In ye olden days, when hackers still used quill and ink, there weren’t many resources available for learning the trade. One could not simply enroll in cybersecurity courses in college or create an account on one of the many educational platforms available today. Instead, hackers found themselves on dedicated forums discussing and sharing information among themselves. It was during this time that Dafydd Stuttard chose the user handle “PortSwigger.”
Stuttard eventually became a penetration tester and wrote a web testing tool that he aptly named “Burp” (too many port swigs will produce those). With Burp, payloads could be programmatically iterated and web traffic could be generated and recorded at a rapid rate. Further development of this tool and additional functionality resulted in an entire web testing toolkit now known as Burp Suite—released and maintained by Stuttard’s company PortSwigger.
The Hypertext Transfer Protocol
The Hypertext Transfer Protocol (HTTP), the protocol that facilitates web traffic, uses a client–server model. To most people, the client in this relationship is their browser (Chrome, Safari, Firefox, etc.). On the other side of this relationship, the server is the entity providing resources to be rendered by the browser displaying a web page/web application.
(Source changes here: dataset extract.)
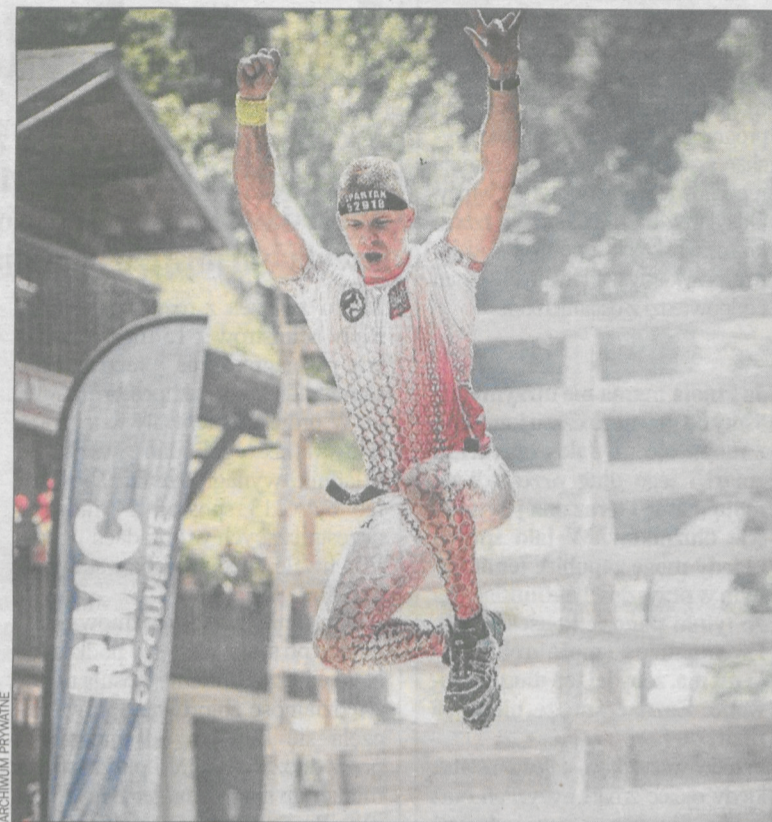
Przeszkód było ponad 30

Był to najcięższy „spartan race”, w jakim brałem udział. Wiedziałem, że będzie ciężko. W końcu to mistrzostwa Europy, a ludzie biorący udział w wyścigu to czołowi zawodnicy. Byłem bardzo dobrze przygotowany, o czym świadczy rezultat, z którego jestem bardzo zadowolony. Bieg ukończyłem bez żadnych problemów, wszystkie przeszkody pokonałem, a zarazem uniknąłem kar. Ciężko pracowałem na ten sukces, moje marzenia się spełniły. Teraz, gdy emocje opadły, wiem, że warto było.

In this context, “resources” refer to items such as the HTML file (this file defines the layout of a web page), the CSS file (this file provides graphic design aspects for the elements of an HTML file), JavaScript files (these code files are responsible for making a web page interactive), image files, video files, etc. This is achieved by a client sending a request for these resources. The server will parse the request and provide a response that includes the resources requested.
You can conceptualize HTTP as a visit to a restaurant. You tell the waiter (the browser) your order. The waiter writes down what you want on an order slip (the request). This order slip is then given to the chef in the kitchen (the server). The chef combines all the ingredients (resources) relevant to your order to make and serve you your dish (the response). Now, take some bytes (pun intended).
What is Burp Suite used for?
Burp Suite is an HTTP interception proxy tool that acts as an intermediary between your browser and a website. Any requests generated by your browser and the responses it receives first pass through Burp Suite before reaching their intended recipient. This means hackers can intercept and modify requests and responses before forwarding them to a server or before they are rendered by a browser, respectively.
With Burp Suite, you can change both the order slip and the dish you receive, unbeknownst to both the waiter and the chef. Get yourself that ribeye for the price of a kids’ grilled cheese meal.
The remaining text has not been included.